A Few of Your Favorite Things: A Swimmin' (and Divin') Hole
Place names in the Adirondacks tend to fall into one of three categories: There are the ordinal names (Eleventh Mountain, Thirteenth Lake), the first-resident names (Lake George, Elizabethtown), and the thing-that-was-there-when-the-place-got-named names (Loon Lake, Garnet Hill, Crane Mountain). The names aren’t clever, mostly, but I like to think that’s because the places they refer to were settled by people too rugged and practical to get fancy about things – people for whom the word “branding” would have suggested nothing that didn’t involve hot metal on a cow. There is the occasional inspired, evocative one, though — like Paradox, or Lake Tear of the Clouds, where the Hudson starts. Or my favorite, and favorite thing this year: the Black Hole.
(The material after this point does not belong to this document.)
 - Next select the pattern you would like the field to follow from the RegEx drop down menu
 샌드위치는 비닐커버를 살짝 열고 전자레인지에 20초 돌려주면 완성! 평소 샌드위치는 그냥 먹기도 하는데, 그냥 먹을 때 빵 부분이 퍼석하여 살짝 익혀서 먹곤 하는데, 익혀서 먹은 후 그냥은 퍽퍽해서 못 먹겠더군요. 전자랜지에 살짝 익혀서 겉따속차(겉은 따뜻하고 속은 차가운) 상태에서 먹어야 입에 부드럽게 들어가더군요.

The Black Hole is a very deep spot on a fast-moving stream called Mill Creek (a Category Two name), which runs through Warren County, New York, about five miles from where I was born. It’s an ideal swimming-and-diving hole, a spot so perfect that alien visitors would be able to deduce from its existence not just the human practice of swimming and diving but the human practice of Mountain Dew commercials. It’s flanked on both sides by 12- or 13-foot cliffs, and has cold and seemingly bottomless water. It really does look black, at least from the top of the cliff, but this is not what gives the name resonance. The important part — the irresistibly attractive part, the one that justifies the other sense of “Black Hole” — is that some years ago, somebody ran a length of steel cable from a tree on one side to a tree on the other and fixed a rope swing to a spot in the middle. The rope hooks at the bottom to a bent spike in a tree, and if you loosen it, grab on above your head, and pull your knees up, it will fling you out into midair and deposit you about fifteen feet above the water, from which point you can drop down and forget about everything in the world for a few seconds, until the water slaps against your legs and then sucks you in.
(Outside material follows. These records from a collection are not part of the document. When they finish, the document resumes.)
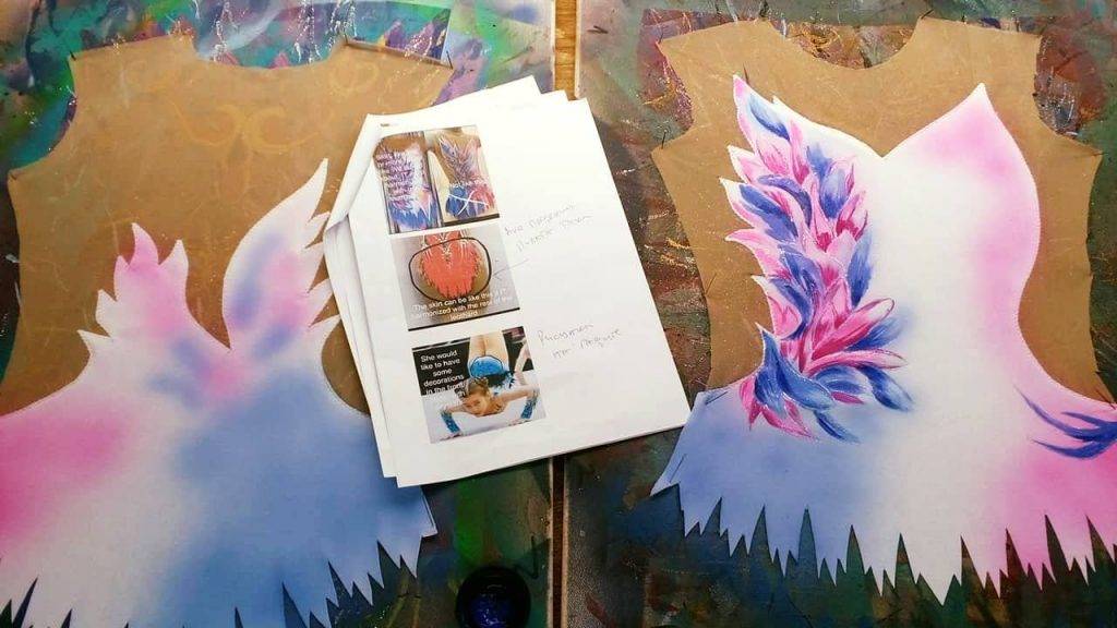 Основываясь на информации от наших клиентов, команда дизайнеров собирается и обсуждает все опции. В некоторых случаях у нас уже есть пошитые костюмы/платья. Однако, если они не подходят, дизайнер должен нарисовать эскиз для нового изделия на основе требований нашего клиента. Конечно же очень много времени уходит на размышления и обработку предоставленной информации, прослушивание музыки для выступления, консультации с командой до того момента как дизайнер начнет рисовать эскиз. Мы никогда не начинаем шить платье для фигурного катания без своевременной подготовки.
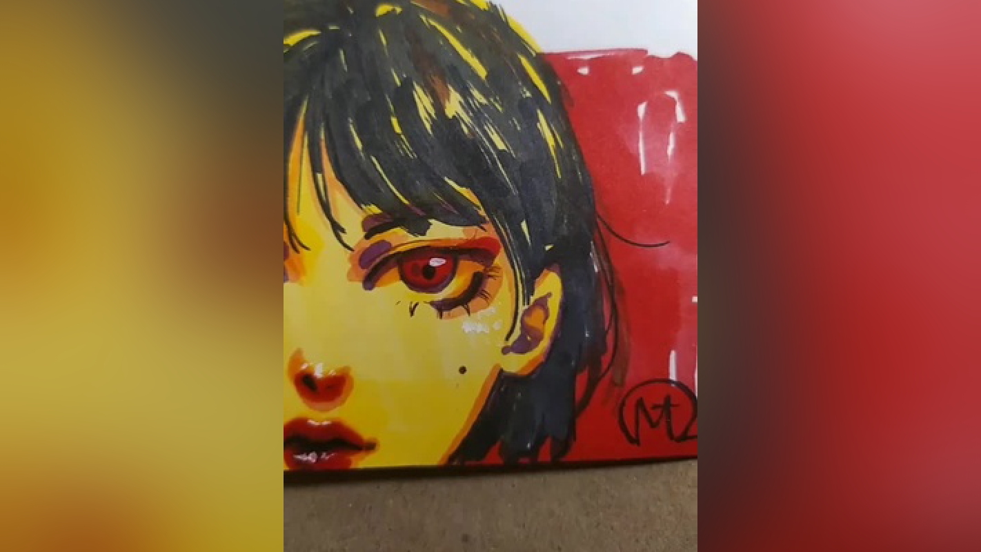 mình vẽ theo ngóc quay khác nên hơi khó vẽ, trông tranh không ổn cho lắm 😅 nhưng xem có vẻ thuận mắ
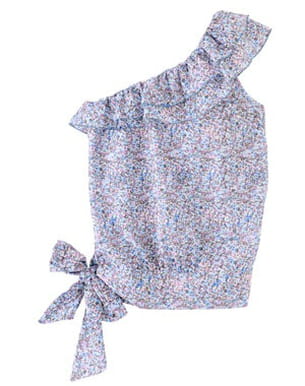 On aime l'esprit néo-romantique de ce top asymétrique. Son imprimé Liberty, ses volants et son lien à nouer sur le côté lui donnent un côté hippy chic qui se mariera à merveille avec un jean, une jupe ou encore un petit short. Une pièce phare de l'été à adopter sans hésiter.

My parents say that I used to go swimming there when I was a kid, but I don’t remember, and in any case I’m sure I was too little to get on the rope. I didn’t try the swing until just a few years ago, when my girlfriend and I starting renting cars on the weekend and driving up whenever we could. The first time, there were a bunch of local teenagers there, lean county kids in cutoffs and baseball hats who’d set their beers down and launch themselves into looping backflips, landing as close to the rocky shallows on the other side of the pool as they could get. They were leaving as we were coming in, so after about fifteen minutes we had the place to ourselves and could take our time summoning the courage to try a swing. I’m not sure I can explain how good it felt. For other New Yorkers, the best analogy I can offer is to the feeling you get when your cab is stuck in traffic for a long time and then you finally get loose and out onto the West Side Highway and the air starts rushing in the window. We go now every time we’re up there; a visit isn’t complete without it. Once we even took the host of this blog (I’ll leave it to him to tell you how he did). If you’re ever in the Adirondacks, you should stop by. It’s not hard to find — right between Johnsburg and the Town of Chester.